Friday, July 26, 2019

#57.14: Perspective - Toward a Manifesto

This stream is like the natural flow of money, from a source of issue, down particular streams where it benefits all that take nutrients from it, thence eventually being lost whenever anything is sold for less than it was purchased for, which is depreciation of assets and the death of all money.  The tokens may be a plenty or limited, but who owns them?  All the money is in accounts on books not in floating tokens.  The commodity theory of money, beloved of the loathsome speculator class, who often never work an honest day of their miserable lives, disputes this obvious reality and condemn all who rely upon it to plunder, confusion and financial oblivion. 
Here we are in 2019. This blog has over 90,000 visits. There are new posts in the works, but I thought it a good time to summarize the objectives of this blog and its proposal for a supplementary monetary system that is actually owned and operated by and for we the people.

A manifesto, a public declaration of policy and aims, is perhaps not too dissimilar to a prospectus, a printed document that advertises or describes a school, commercial enterprise, forthcoming book, etc., in order to attract or inform clients, members, buyers, or investors. The statements made on whichever document, would also indicate why such a venture is worthy of any attention whatsoever. We might begin with certain statements that we all agree to, such as the following: 

1. All the money that has ever been in use and is still being concocted as cryptocurrencies, etc. belongs to those that issued it. NONE of it actually belongs to us because we did not individually issue any of it. As far as precious metals go, their prices are controlled by the same group that owns the rest of the money. These people also own and control all the mines, mints and markets for all precious metals worldwide. 

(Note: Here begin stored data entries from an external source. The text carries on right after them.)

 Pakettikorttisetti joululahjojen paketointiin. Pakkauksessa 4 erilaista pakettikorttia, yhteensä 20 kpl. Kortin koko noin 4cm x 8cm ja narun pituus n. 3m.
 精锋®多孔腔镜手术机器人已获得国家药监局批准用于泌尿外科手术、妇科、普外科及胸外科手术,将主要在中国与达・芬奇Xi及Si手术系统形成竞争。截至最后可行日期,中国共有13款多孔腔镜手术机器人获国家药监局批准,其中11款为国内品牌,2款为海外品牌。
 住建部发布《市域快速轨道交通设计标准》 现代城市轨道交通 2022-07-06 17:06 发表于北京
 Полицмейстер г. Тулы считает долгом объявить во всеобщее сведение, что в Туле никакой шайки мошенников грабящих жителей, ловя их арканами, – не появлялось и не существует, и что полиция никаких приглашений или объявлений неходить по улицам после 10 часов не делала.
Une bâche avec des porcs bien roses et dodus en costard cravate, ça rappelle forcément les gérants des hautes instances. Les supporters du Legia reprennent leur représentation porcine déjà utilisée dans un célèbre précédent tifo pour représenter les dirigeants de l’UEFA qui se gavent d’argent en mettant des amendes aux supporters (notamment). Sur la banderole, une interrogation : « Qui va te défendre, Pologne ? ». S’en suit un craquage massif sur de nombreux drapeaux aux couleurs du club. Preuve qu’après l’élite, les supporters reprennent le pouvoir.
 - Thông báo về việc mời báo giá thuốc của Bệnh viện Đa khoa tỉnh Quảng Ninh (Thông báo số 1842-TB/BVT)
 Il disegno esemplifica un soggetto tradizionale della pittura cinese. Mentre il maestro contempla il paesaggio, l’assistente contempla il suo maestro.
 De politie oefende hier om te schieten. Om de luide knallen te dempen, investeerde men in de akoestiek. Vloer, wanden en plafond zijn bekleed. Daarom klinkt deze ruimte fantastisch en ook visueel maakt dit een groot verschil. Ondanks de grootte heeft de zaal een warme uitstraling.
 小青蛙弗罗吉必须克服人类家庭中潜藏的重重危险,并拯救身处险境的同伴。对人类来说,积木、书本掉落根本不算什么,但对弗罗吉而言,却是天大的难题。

2. Anyone who relies only on THEIR money is an economic slave to THEM. THEIR control over everyone and everything rests on debt to THEM in THEIR money. The rent of THEIR money deemed interest, is always demanded from uncreated money, thereby ensuring a perpetual scarcity of money and a loss of assets at various times to those who did not conquer, develop, invent or produce. THER “musical chairs” economics is an intended result of these practices. We regard these practices, described as usury, as theft! 

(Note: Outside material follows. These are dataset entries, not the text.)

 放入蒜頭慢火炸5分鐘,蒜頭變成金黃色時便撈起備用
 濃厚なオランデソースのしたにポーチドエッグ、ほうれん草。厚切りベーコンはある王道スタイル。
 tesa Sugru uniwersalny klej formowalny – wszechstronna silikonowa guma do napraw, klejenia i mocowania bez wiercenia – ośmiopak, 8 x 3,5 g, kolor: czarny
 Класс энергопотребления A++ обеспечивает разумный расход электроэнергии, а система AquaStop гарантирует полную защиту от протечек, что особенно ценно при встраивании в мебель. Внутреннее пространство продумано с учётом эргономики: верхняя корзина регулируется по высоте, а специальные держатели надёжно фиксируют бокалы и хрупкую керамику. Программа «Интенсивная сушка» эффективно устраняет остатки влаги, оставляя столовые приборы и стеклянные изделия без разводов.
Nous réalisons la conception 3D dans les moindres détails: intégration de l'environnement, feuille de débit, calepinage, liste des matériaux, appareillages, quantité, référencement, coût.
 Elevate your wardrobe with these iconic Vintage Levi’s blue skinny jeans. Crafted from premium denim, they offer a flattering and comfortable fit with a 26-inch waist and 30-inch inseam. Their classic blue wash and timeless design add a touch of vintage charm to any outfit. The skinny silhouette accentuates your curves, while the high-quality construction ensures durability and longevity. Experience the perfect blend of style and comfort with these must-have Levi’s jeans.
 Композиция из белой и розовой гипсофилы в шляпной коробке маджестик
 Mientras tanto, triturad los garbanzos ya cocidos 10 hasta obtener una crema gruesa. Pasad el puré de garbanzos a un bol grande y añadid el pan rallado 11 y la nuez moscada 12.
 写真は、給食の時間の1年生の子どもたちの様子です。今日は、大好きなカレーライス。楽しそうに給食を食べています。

3. THEY, the owners of THEIR money, also get to do things that we also regard as fraud and theft. THEY get to loan money THEY do not have and charge rent for it from unissued (uncreated) money. THEY also demand and claim that any money in someone's account with THEM is subject to confiscation if THEIR institutions' debts require settlement. THEIR system requires deposit insurance. 

4. ALL of THEIR money can be summarized as a commodity subject to speculation. Speculators contribute NOTHING to any economy. They make money on THEIR money without work (the frank definition of capitalism) and economies of exchange in ALL THEIR money rests in the hands of those few who make these speculative adjustments. The purpose of money was to supply a standard and relatively unchanging medium of exchange to measure value in any split barter transaction. The numbers on its instruments allow one to measure the value of one thing against another almost exactly as one would use a ruler to measure inches or millimeters. Speculation allows the various distances on the ruler of value to fluctuate, so rendering any accounting value in ANY of THEIR money is like attempting to build a house using a different ruler every day. It's actually worse than that as follows:

NOTE: Intrinsic value of money or money as a holder of intrinsic value. This is probably the oldest SCAM involved with THEIR money, because speculation on precious metals goes all the way back to the beginning of their use as money a few thousand years ago, always by FORCE of arms not freely chosen! So, pay no attention to any attempts to convince you that this intrinsic value of monetary tokens is an important attribute of money from the “Austrians” or anyone else. It's all lies. THEY control ALL the prices for ALL of THEIR money and can decide to make it literally anything THEY like and you have nothing to do with any of it. Yet, precisely because we must slay two or three dragons, not just one, precious metals come into our proposal as the only means of direct exchange and valuation between our system and THEIRS. This allows us to have a means to determine what our fixed point of purchasing power is in comparison to ANY of THEIR money worldwide. Yes, this proposal implies a universal standard of measure for value which could be adopted by anyone as a complementary money to all of THEIRS.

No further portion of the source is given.